気候変動問題が深刻化している中、旅行におけるホテル選びにおいてもサステナブルかどうかが重要視されてきています。しかし、特に日本においてはサステナブルな旅行の選択肢が不足しているのが現状です。
この記事ではホテル業界の方に向けて、サステナビリティとは何か、注目されている理由、取り組み方について解説しています。また、日本と海外での具体的な取り組み事例も紹介しているので、ぜひ最後までご覧ください。
目次
ホテル業界のサステナビリティとは?
サステナビリティとは、「持続可能性」を意味します。今の暮らしだけではなく、将来の世代にも配慮した考え方です。
例えば、現代において大量に石油を使い将来枯渇させてしまうことは、サステナビリティとは言えません。サステナビリティは、社会と環境に配慮しつつ、経済活動を持続可能な形で発展させるために使われてきた経緯があります。
そして、ホテル業界においてもサステナビリティが注目されています。具体的には、以下の取り組みを行うホテルが増えているようです。
- カーボンオフセットを行う
- 環境に配慮したアメニティを使用する
- 部屋の清掃が必要かどうか選択制にする
- 節電などの省エネを心がける
- プラスチックを削減する
これらのサステナビリティに向けた取り組みを実践しているホテルは「サステナブルホテル」と呼ばれています。
ホテル業界のサステナビリティが注目されている理由
日本政府が2050年までのカーボンニュートラル実現を宣言したり、SDGsにおいて気候変動に対するゴールが含まれていたりと、サステナビリティの実現が急速に進められています。

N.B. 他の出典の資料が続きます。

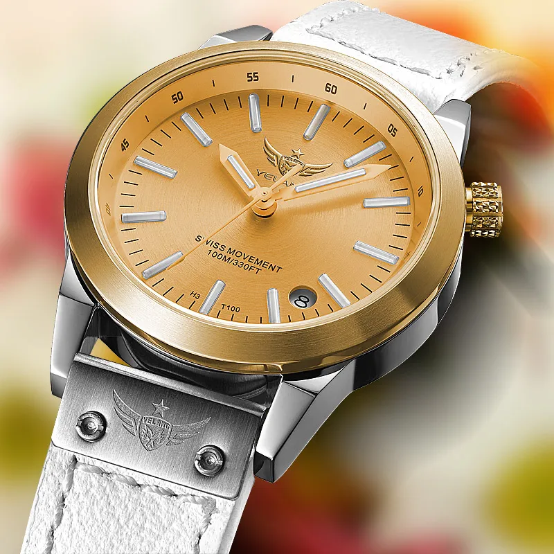 YELANG Кварцевый механизм ремень из натуральной кожи женские часы золотой циферблат

そしてホテル業界においても、サステナビリティをコンセプトにしたホテルが大きく注目を集めています。
世界最大級の宿泊予約サイトBooking.comの調査によると、世界の旅行者の76%、日本の旅行者の56%がよりサステナブルに旅行したいと回答しました。一方で、世界の旅行者の51%、日本の旅行者の54%がサステナブルな旅行の選択肢の数が十分にないと回答しました。
この調査結果から、旅行におけるサステナビリティの需要が大きく高まっていることがわかります。
ホテルがサステナビリティに取り組む方法
実際にホテルがサステナビリティに取り組む方法を紹介します。
SDGsを推進してサステナブルホテルの認証を取得する
サステナブルホテルとして認証を取得することは、環境に配慮していることのアピールになります。取得のメリットは、ホテル利用者にとってサステナブルホテルであることが分かりやすいことです。また、認証取得の際には審査員が入念に審査する場合が多く、信頼性が高いです。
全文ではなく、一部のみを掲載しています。